The multistate engine now supports a death-only hard-event hierarchy (Kev = 1), e.g. death > KCCQ with no non-fatal event tier.

Restricted mean time in favor of treatment (RMT-IF)

New exported getRMTIF() (first-event / competing risks) and clinicalRMTIF() (death-priority multistate, credits death after a non-fatal event): the average time over [0, tau] a treated patient spends in a more favorable state than a control — the time-units companion to the win ratio (Mao 2023). getRMTIF() reduces exactly to the RMST difference for a single event (so RMST and the win statistics are two ends of one favor-time functional) and has closed-form influence-function inference; clinicalRMTIF() carries an analytic adjoint-value efficient influence function.
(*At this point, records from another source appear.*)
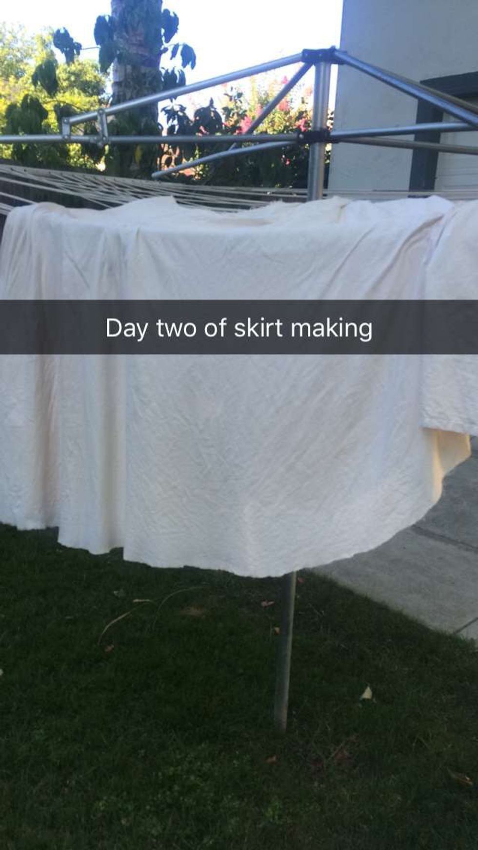 As you can see it has a very unique design of a white circle skirt with green and red flowers on it. First, I know for a fact that you can buy this whole outfit online and yes it is absolutely gorgeous but I decided to take it the hard/fun way. Now, seeing how YouTube is YouTube, there were about 100 or so videos on how exactly to make your own circle skirt. I did watch them, but after losing focus a couple minutes into it, I decided, meh what do they know it's not like they are actually trained professionals I got the gist of this. So with that, I went straight to work on the nearest white bed sheet I owned and made a circle in the middle of it, because that's how a majority of the tutorial videos started. I had hopes that what I made was a tiny circle at best and if it was too small I could go bigger.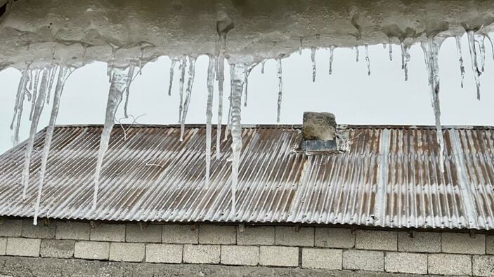Üzerinde oluşan buzlar nedeniyle çamaşırlar kaskatı kesilirken, evlerin çatı ve pencerelerinde oluşan buz sarkıtları ise Ağrı’da kışın ne derece sert geçtiğini gözler önüne serdi.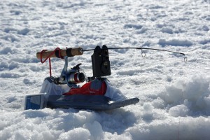 (Photo of Lawrence’s ice fishing dead-stick rig with the audible alarm.)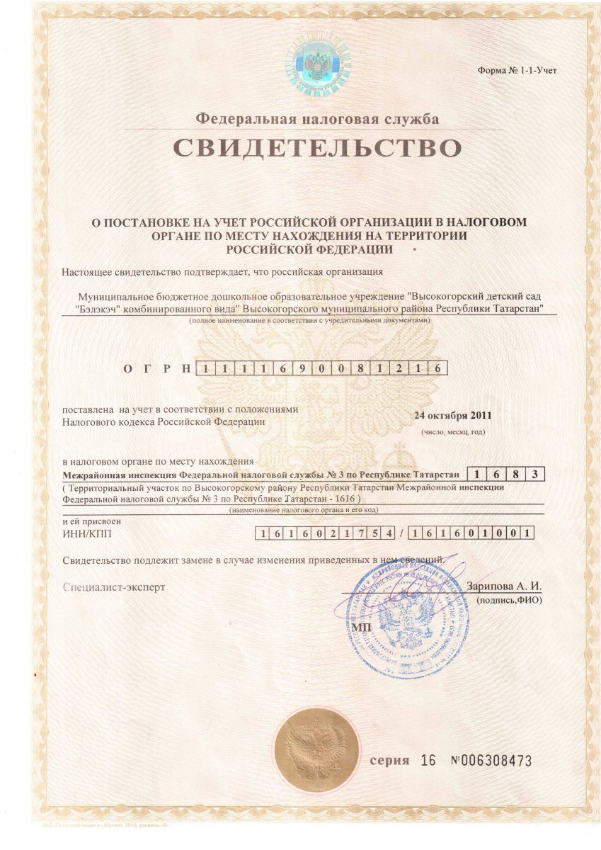 Свидетельство о постановке на учет в налоговом органе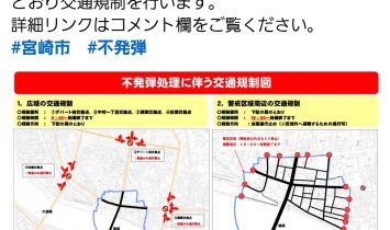 1月17日土曜日はご来店予定のお客様がいらしたので当初営業の予定でございましたが、ご存知の通り、先日大淀川橘橋北側河畔で発見されました第2次世界大戦時の米軍のものと思われる不発弾処理が行われるため、危険区域内に住民避難指示が出されています。そのため、橘通本店もその危険区域内にあるため、急遽閉店するこ…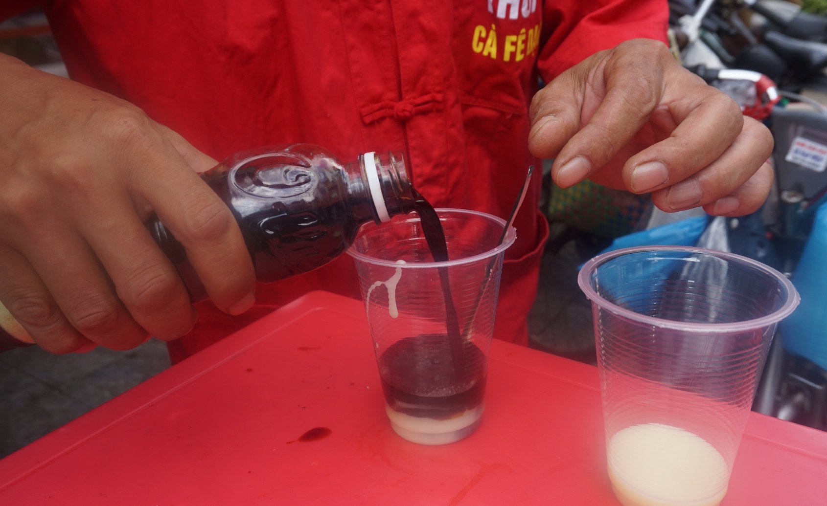 | Cà phê được người bán nhập từ các đầu mối buôn là cà phê pha sẵn, đặc sánh đựng trong chai lớn sau đó pha loãng bán lẻ cho khách với giá 10.000 đồng/ly. Ảnh: Diệp Sa. |

Both validated against brute-force and closed-form truth (K=2/K=3 coverage 0.96–0.97, calibrated SEs, unbiased under cross-fitting). Feed getSimultaneousFamily().

Charter-weighted win ratio (priority-standardized net benefit)

New exported clinicalPSNB(): the priority-standardized net benefit (PSNB) and win ratio (PSWR). Standard hierarchical win statistics aggregate the per-layer effects using implicit reach weights (set by the outcome/censoring distribution, not clinical priority), so a frequently-reached low-priority layer can dominate. clinicalPSNB() lets the user supply a prespecified clinical charter and recombines the layer-specific effects with it: PSNB = sum_k alpha_k Delta_k, PSWR = sum_k alpha_k w_k / sum_k alpha_k l_k. It reuses clinicalWinRatio()’s validated multistate engine (which already produces the per-tier components W^(k)=r_k w_k), divides the reach back out, and recombines with the charter, propagating influence functions by the delta method — giving the covariate-adjusted, doubly-robust, IPCW-corrected estimator of these estimands. Reports each layer’s reach and stage-conditional net benefit; charter = "reach" reproduces the standard net benefit / win ratio. Validated against a brute-force charter-weighted truth (coverage 0.967, SE ratio ~0.91 for both PSNB and PSWR).

Joint simultaneous inference across the estimand family

New exported getSimultaneousFamily(): family-wise simultaneous confidence bands across an arbitrary set of concrete estimands computed from the same fit — e.g. a risk difference at several horizons together with the RMST difference and the win ratio. It stacks the per-subject efficient influence functions the estimators already produce into one influence matrix, estimates their joint correlation, and takes the simultaneous critical value from a Gaussian-multiplier bootstrap (max_j |Z_j|), so the bands control the family-wise error without the conservativeness of a Bonferroni correction (the estimands are strongly correlated, being functions of the same targeted curves). Ratio estimands are handled on the log scale; the bands inherit the covariate adjustment, censoring correction, cross-fitting, and stratified-randomization variance correction of the inputs. Every estimator (getOutput, getRMST, targetRMST, getWinRatio, targetWinRatio) now attaches the per-subject influence functions needed to feed it.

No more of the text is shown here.